Татьяна пыталась объяснить, возможно, самой себе, почему ей не нравится Этин вежливый и неглупый молодой человек. В конце концов она сформулировала:
"Он прямо говорит, что ничего этого не будет, именно того, что на самом деле любит Этя, - ленточек, туфелек, зеркальных окон, граненых флакончиков с французскими духами. Парижа вообще не будет. И Пушкина твоего не будет, и даже плохих стихов, если они о любви, о бесполезном. Вообще, бесполезных вещей не будет. Бумаги этой нежно-голубой, на которой пишу, не будет, и нас с тобой, уверяю тебя, не будет, мы - лишние, мы не бумага даже, а цвет ее. Зачем цвет бумаге? Или запах? И Эти не будет.

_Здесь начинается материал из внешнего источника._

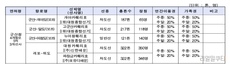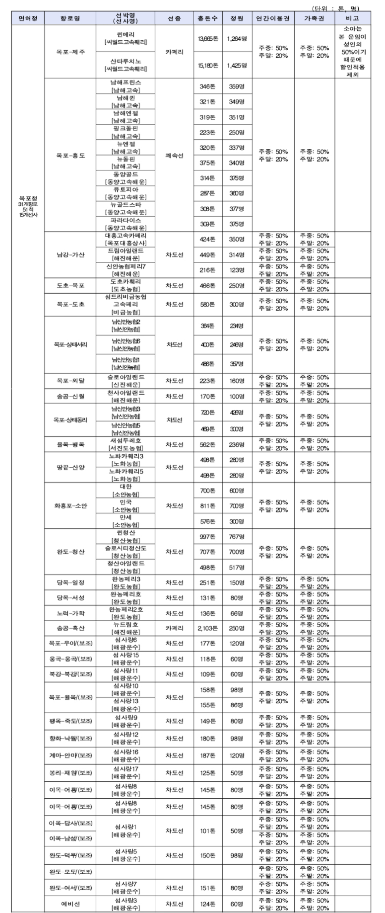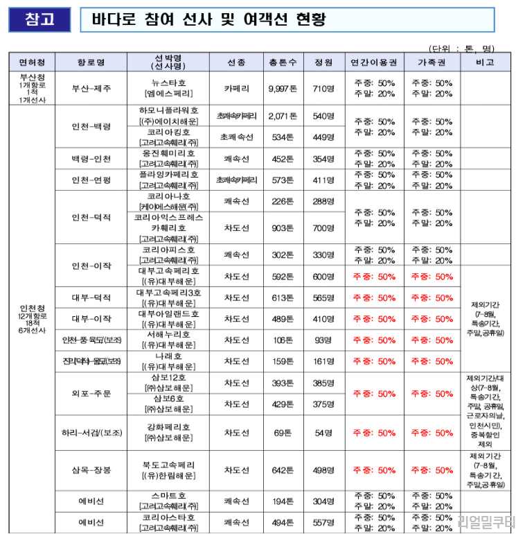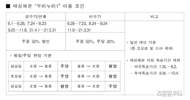 ◇태성해운 우리누리1호 이용 조건(평일 주말 할인률)
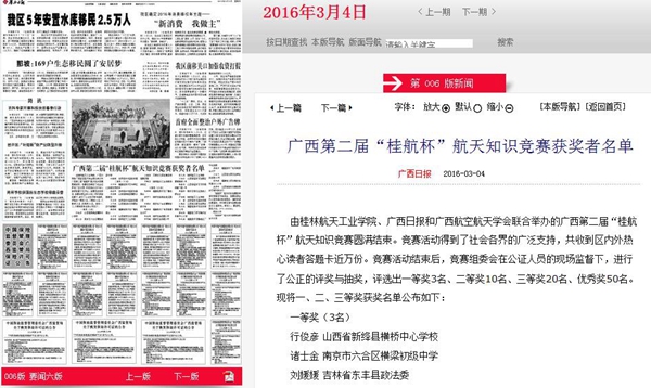 2016-03【广西日报】广西第二届“桂航杯”航天知识竞赛获奖名单
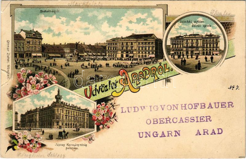1897 (Vorläufer) Arad, Szabadság tér, színház épület délről nézve, József (Jószag) Kormányzóság palotája / square, theatre, Governing palace. Ottmar Zieher Art Nouveau, floral, litho (EK)
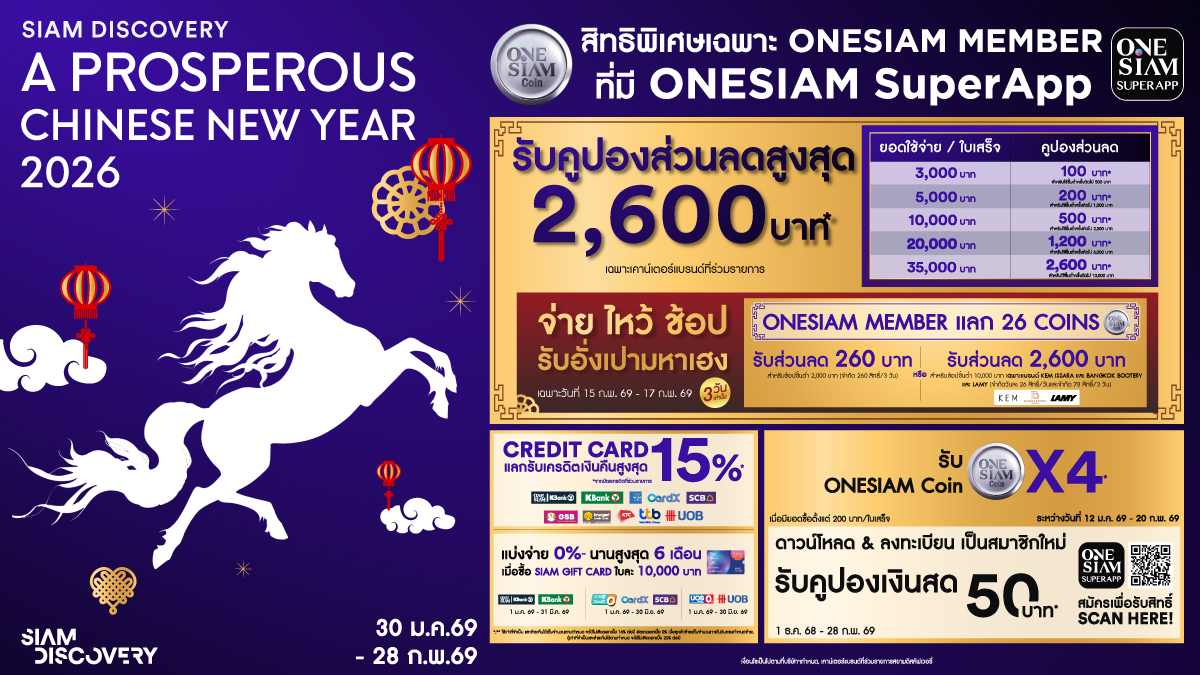 ดีลเฮงพิเศษ จ่าย ไหว้ ช็อป แลก 26 ONESIAM Coin รับอั่งเปาส่วนลดสูงสุด 2,600 บาท* เฉพาะ 15 ก.พ. 69 – 17 ก.พ. 69 (3 วันเท่านั้น)
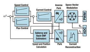 電動(dòng)機(jī)的電流波形是正弦曲線,這可以產(chǎn)生平穩(wěn)的扭矩,而且會(huì)減小機(jī)械震動(dòng)和噪聲。外部速度回路調(diào)整供電的定子數(shù)量,這直接與定子電流的積分成比例,并維持所要求的角速度。為了在基本速度之上擴(kuò)展工作速度的范圍,增加了額外的磁通弱化回路,用于處理定子定向磁通電流。
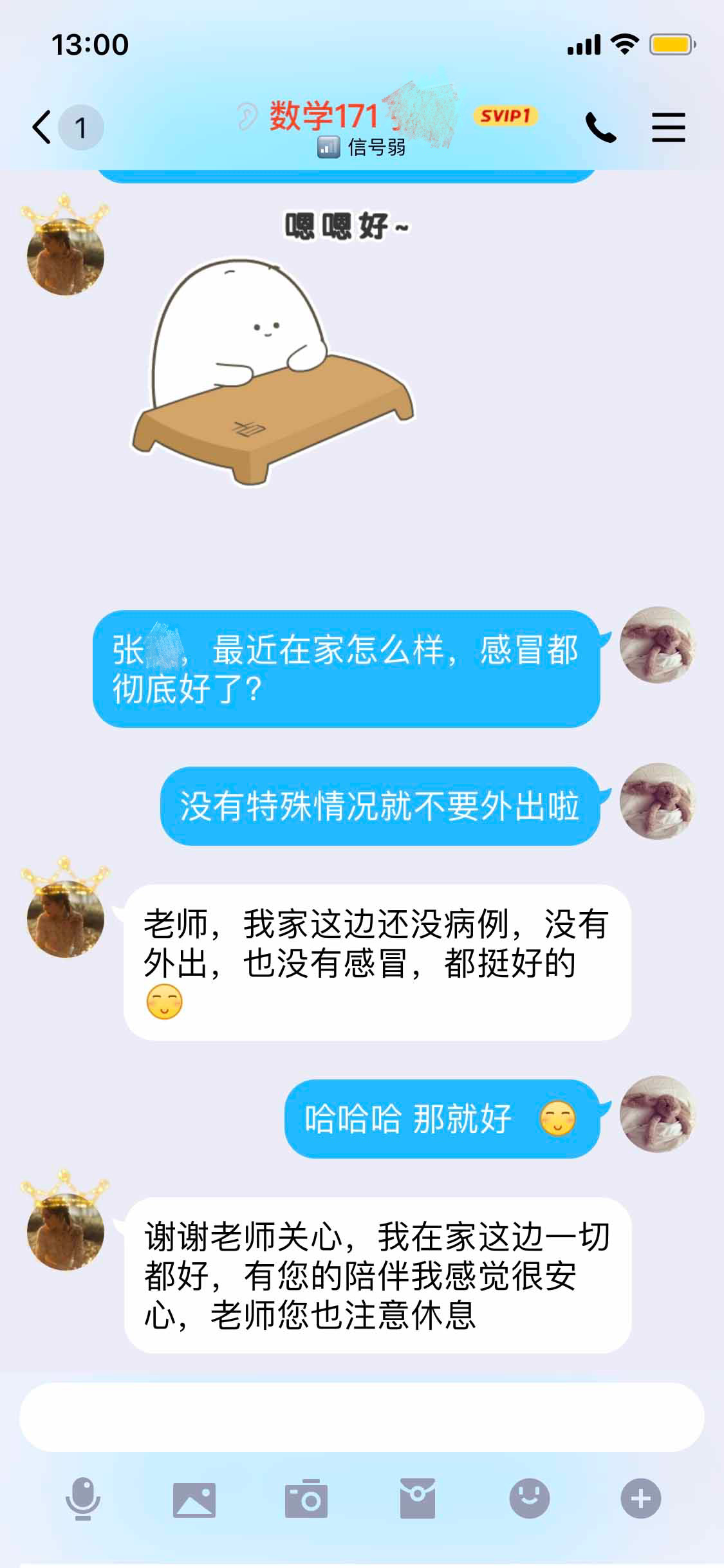 结合“心开始”网上谈心工作,全体辅导员还通过微信朋友圈、QQ等方式,积极将学校关于疫情防控的最新要求、学校的关心关爱传递给每一名学生。在这场防疫攻坚战中,理学院辅导员始终用心教导学生,用爱陪伴成长,与学生一同为迎接春暖花开的新学期做好准备。(撰稿:张晓双;审核:刘聘)
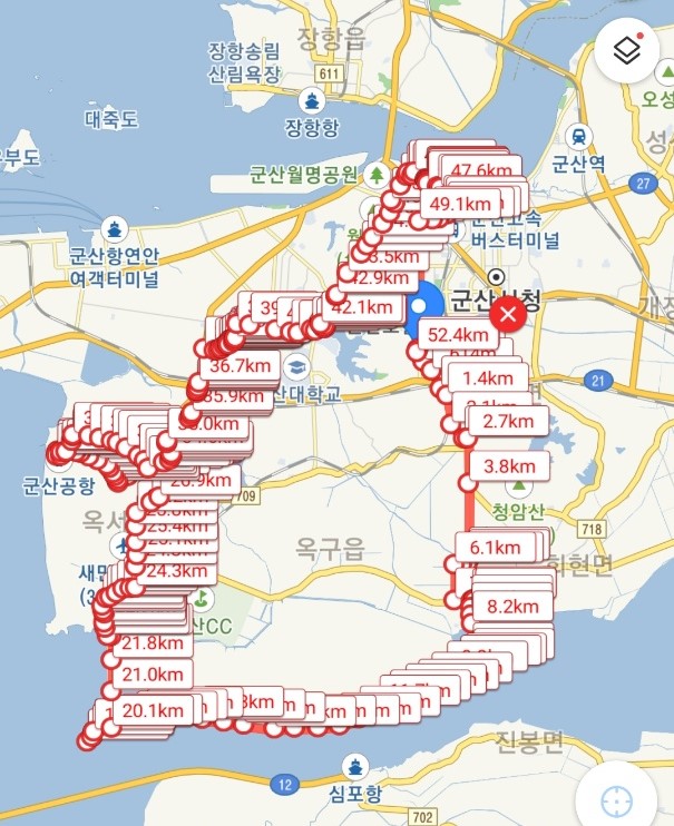 이날 탄 구간은 약 52km 정도의 길이입니다. 자전거 도로로만 다닌 것이 아니라 구시가지를 많이 돌아다녀서 자전거를 타기에 썩 좋은 코스는 아니었습니다. 만경강 부근의 코스는 미군 부대 근처로 가기 전까지 가게는커녕 민가조차 없는 간척지이기 때문에 미리 마실 것을 준비해야 합니다. 차량 통행이 많은 지역은 아니지만 개중에는 차도만 있는 길도 포함하고 있습니다.
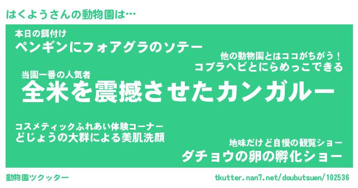 | 2回繰り返すあだ名 | 『はくはく』『ははくく』『いじいじ』 |
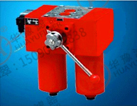 雙筒高壓過濾器SGF-H160*10由換向閥、壓力平衡閥、旁通閥、污染堵塞發訊器及兩只濾筒等組成,可以實現在系統不停機的情況下更換濾芯。該過濾器可安裝在控制元件或執行元件前的高壓管路上,用以保護控制元件及執行機構。特別適用自動控制系統中高精度伺服元件及柱塞元件的保護,可有效控制污染,延長元件使用壽命。工作時一只濾筒通油,另一只濾筒不通油備用。當工作濾筒的濾芯堵塞至壓差發訊器壓力指示值為0.5MPa時,發訊器發訊,此時應及時打開壓力平衡閥、轉動換向閥啟用備用濾筒(換向閥轉動到位后關閉壓力平衡閥)。再只需旋開螺塞放完被堵塞濾筒內的油液,再旋下筒體,就可更換已堵塞的濾芯。如因故未能及時切換換向閥啟用備用濾筒,導致壓差持續上升至旁通閥開啟壓力0.6MPa時,旁通閥會自動開啟,以避免由于壓力繼續上升,濾芯破裂造成再污染。但此時油液未經過濾對系統安全造成極大危害,應盡可能避免旁通閥被開啟。
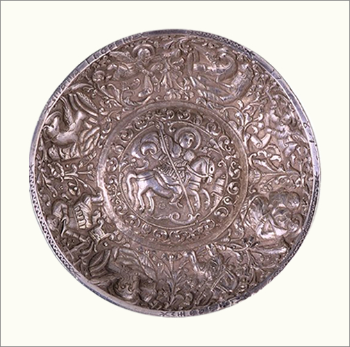 Επίχρυση παλάσκα με έκτυπο διάκοσμο από άνθη και πουλιά. Ύψ. 0,10 μ. (ΓΕ 6055) ΜΟΥΣΕΙΟ ΕΛΛΗΝΙΚΟΥ ΠΟΛΙΤΙΣΜΟΥ |
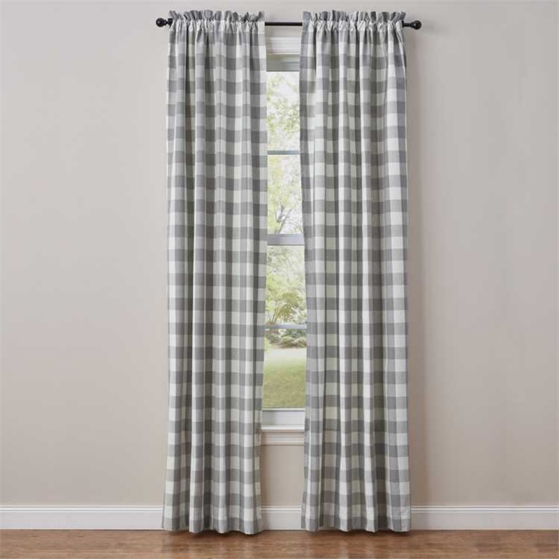 With a buffalo check pattern, these long, lined curtains are an easy way to add a cozy, rustic look to any room in the home. Adds a country chic feel while blocking out light and providing privacy. Set of 2 curtainsMeasures 72" x 84" Has a 1 1/2" header an
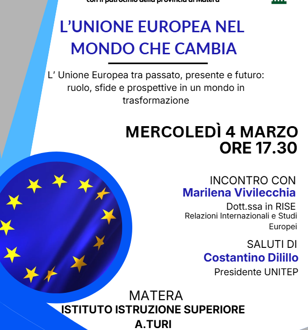 Mercoledì 4 marzo 2026 alle ore 17.00 nell’Aula Magna dell’Istituto Alberghiero Turi di Matera è in programma l’incontro sul tema “L’Unione Europea nel Mondo che cambia” con la dottoressa Marilena Vivilecchia, nell’ambito dei Mercoledì di Unitep Cultura, attività di partecipazione alla vita intellettuale, sociale, scientifica del territorio che consistono in incontri di natura formativa e informativa, con il mondo del sapere.
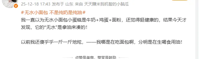 小柴去翻阅了一下一些网红顶流商超所售的无水蛋糕,基本上都是以纯油配方为主。消费者误认“无水=纯奶”,实际成品可能含油量超30%。对此,有网友表示,难怪入口有明显油润感,被调侃为“油浸馒头”。也有网友指出,纯油配方面包热量达200-400大卡/100克,远超普通馒头(约220大卡)有网友表示:我一直以为无水小面包小蛋糕是牛奶+鸡蛋+面粉,还觉得挺健康的,结果今天才发现,它的“无水”是拿油来凑的!以前我还傻乎乎一斤一斤地炫,——我哪是在吃面包啊,分明是在生喝食用油!
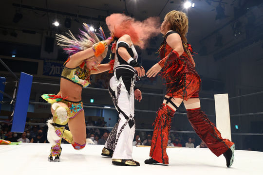 セミファイナルには、初代タイガーマスクのチャリティ精神を伝承するSareee選手が登場。アジャコング選手との強力タッグで、水波綾&優宇組と対戦。水波選手の独特なムーブに翻弄され、優宇選手の豊満なボディに押されるシーンもありましたが、Sareee選手の好アシストを受けたアジャコング選手が裏拳を炸裂させ、優宇選手から3カウントを奪いました。
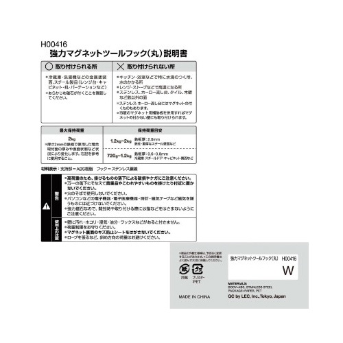注意事項 | ※高荷重のため、掛けるものの落下による破損やケガにご注意ください。 ※万一の落下にそなえて貴重品やこわれやすいものを掛けたり付近に置かないでください。 ※火のそばで使用しないでください。 ※パソコンなどの電子機器・電子医療機器・時計磁気テープなど磁気を嫌うものには近づけないでください。 ※強力磁石なので、開封時や取り付ける際には指などをはさまないようにご注意ください。 ※壁に汚れ・ホコリ・湿気・油分・ワックスなどがあると付きません。 ※荷重制限をお守りください。 ※マグネット裏面のキズ防止シートをはがさないでください。 ※ロープを張るなど、斜め方向の荷重はお避けください。 以下の点にご注意ください
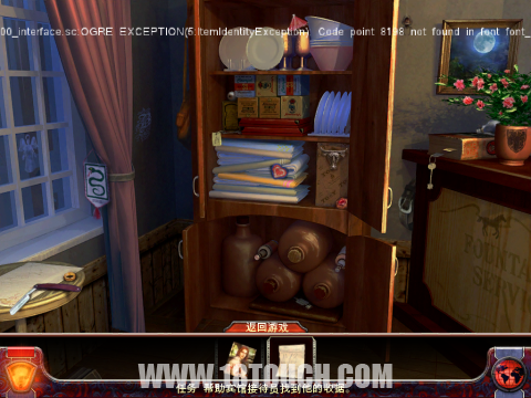 点击接待台旁边的柜子,出发一个寻物游戏,物品的位置如下。
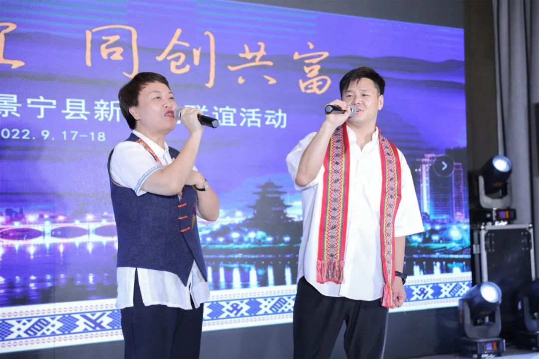 晚宴现场气氛活跃,精彩纷呈。两地的会员们纷纷登台献艺,邵会长和陈会长还一起为大家带来精彩的合唱……精彩的节目充分展现了两地青年企业家们逢勃向上、活力四射的精神风貌。活动中还举行了丽水与景宁新生代联合会互赠礼物环节,景宁县新生代会长陈晓丽和庆元县新生代会长季加贵还进行了“新生代市县两级轮值单位”旗帜交接仪式,为此次联谊活动画上了一个圆满的句号。
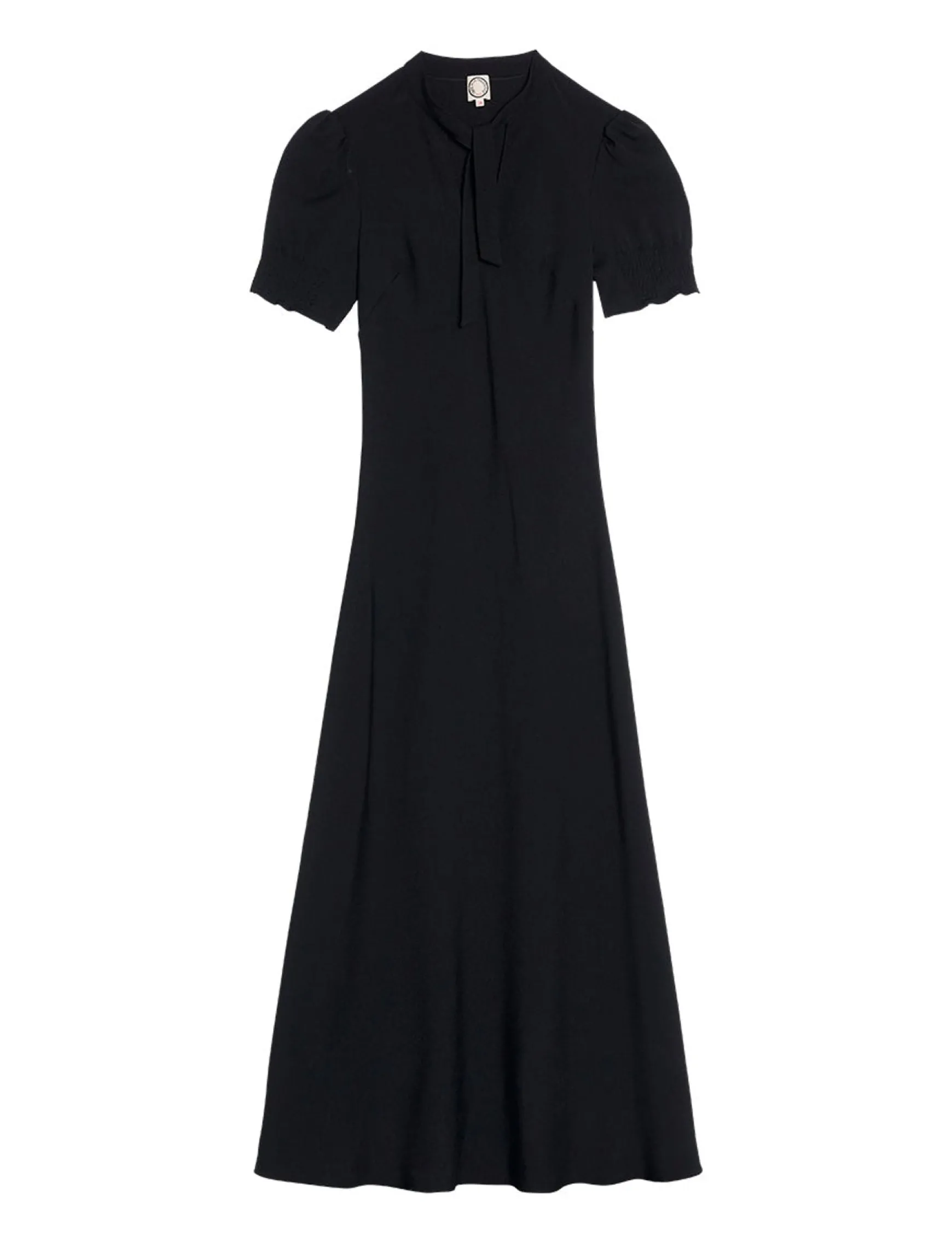 The black Cerise dress is a manifesto of elegance. Its cut and many finely-worked details, in particular its bow-tie teardrop collar, will make it your ally at all your summer events, no matter how dressy.

Он живет ради того, чтобы ничего этого не стало и следа. Он готовится все это взорвать и взорвет в конце концов, а Этя слушает, раскрыв рот. Он, конечно, в глазах ее герой, он довольство уничтожает ради бедности. Ради всеобщей бедности, я уточню. Но Этю я ему не отдам".
Татьяна сказалась больной, и Этя повезла мать в Россию, пообещав, прежде чем думать о браке с кем бы то ни было, закончить курс. Впрочем, видимо, о браке молодой разрушитель Эте и не говорил, считая институт семьи излишним в будущем, ради которого жил и готов был умереть.
Из Петербурга Этя писала поначалу часто: профессора, обсуждение на студенческом литературном вечере ("с чаем") нового рассказа Горького, еврейский вопрос в связи с этим рассказом. Иной раз она вкладывала в письмо занятную газетную вырезку: из Невы выловили мещанина. Удалось спасти. Оказалось, что в Неву он прыгнул, дабы понять чувства тонущего человека, потому как хотел описать их в повести. Мещанин хотел стать таким образом писателем. Может быть, он был прав. Может быть, только умерев и можно стать писателем.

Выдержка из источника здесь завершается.